Dans ce cadre, le temps de travail effectué en télétravail est porté à 100% pour les salariés qui peuvent effectuer l’ensemble de leurs tâches à distance.
Dans les autres cas, l’organisation du travail doit permettre de réduire les déplacements domicile-travail et d’aménager le temps de présence en entreprise pour l’exécution des tâches qui ne peuvent être réalisées en télétravail, et pour réduire les interactions sociales. Les employeurs fixent les règles applicables dans le cadre du dialogue social de proximité, en veillant au maintien des liens au sein du collectif de travail et à la prévention des risques liés à l’isolement des salariés en télétravail.
Pour les salariés en télétravail à 100 %, un retour en présentiel est possible un jour par semaine au maximum lorsqu’ils en expriment le besoin, avec l’accord de leur employeur.
Cet aménagement prend en compte les spécificités liées aux organisations de travail, notamment pour le travail en équipe et s’attache à limiter au maximum les interactions sociales sur le lieu de travail.
Pour les activités qui ne peuvent être réalisées en télétravail, l’employeur organise systématiquement un lissage des horaires de départ et d’arrivée du salarié afin de limiter l’affluence aux heures de pointe.
La continuité de l’activité dans un contexte de circulation du virus est assurée par le respect de l’ensemble des règles d’hygiène et de distanciation physique rappelées en conclusion du présent chapitre.
Sur les lieux de travail, ces mesures ont un rôle essentiel pour réduire au maximum le risque en supprimant les circonstances d’exposition.
Elles doivent être la règle et l’employeur doit procéder aux aménagements nécessaires pour assurer leur respect optimal. L’employeur procède régulièrement à un rappel du respect systématique des règles d’hygiène et de distanciation.
L’employeur doit informer le salarié de l’existence de l’application « Tous AntiCovid » et de l’intérêt de son activation pendant les horaires de travail.

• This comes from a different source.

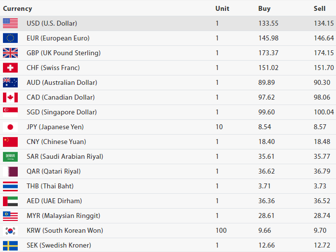 शुक्रबार अमेरिकी डलर एकको खरिद दर १३३.५५ रुपैयाँ रहेको छ भने बिक्री दर १३४.१५ रुपैयाँ रहेको छ । त्यस्तै युरोपियन युरो एकको खरिद दर १४५.९८ रुपैयाँ रहेको छ भने बिक्री दर १४६.६४ रुपैयाँ रहेको छ ।

L’objectif est de limiter le risque d’affluence, de croisement (flux de personnes) et de concentration (densité) des personnels et des clients afin de faciliter le respect de la distanciation physique. Chaque collaborateur doit pouvoir disposer d’un espace lui permettant de respecter la règle de distanciation physique d’au moins un mètre par rapport à toute autre personne (ex. autre salarié, client, usager, prestataire, etc.). L’employeur cherchera, outre les réorganisations du travail permettant de séquencer les proces, à revoir l’organisation de l’espace de travail et au besoin des tranches horaires des travailleurs pour éviter ou limiter au maximum les regroupements et les croisements. Ainsi, les réunions en audio ou visioconférence doivent être privilégiées et les réunions en présentiel rester l’exception.
Chaque salarié est tenu informé de ces dispositions.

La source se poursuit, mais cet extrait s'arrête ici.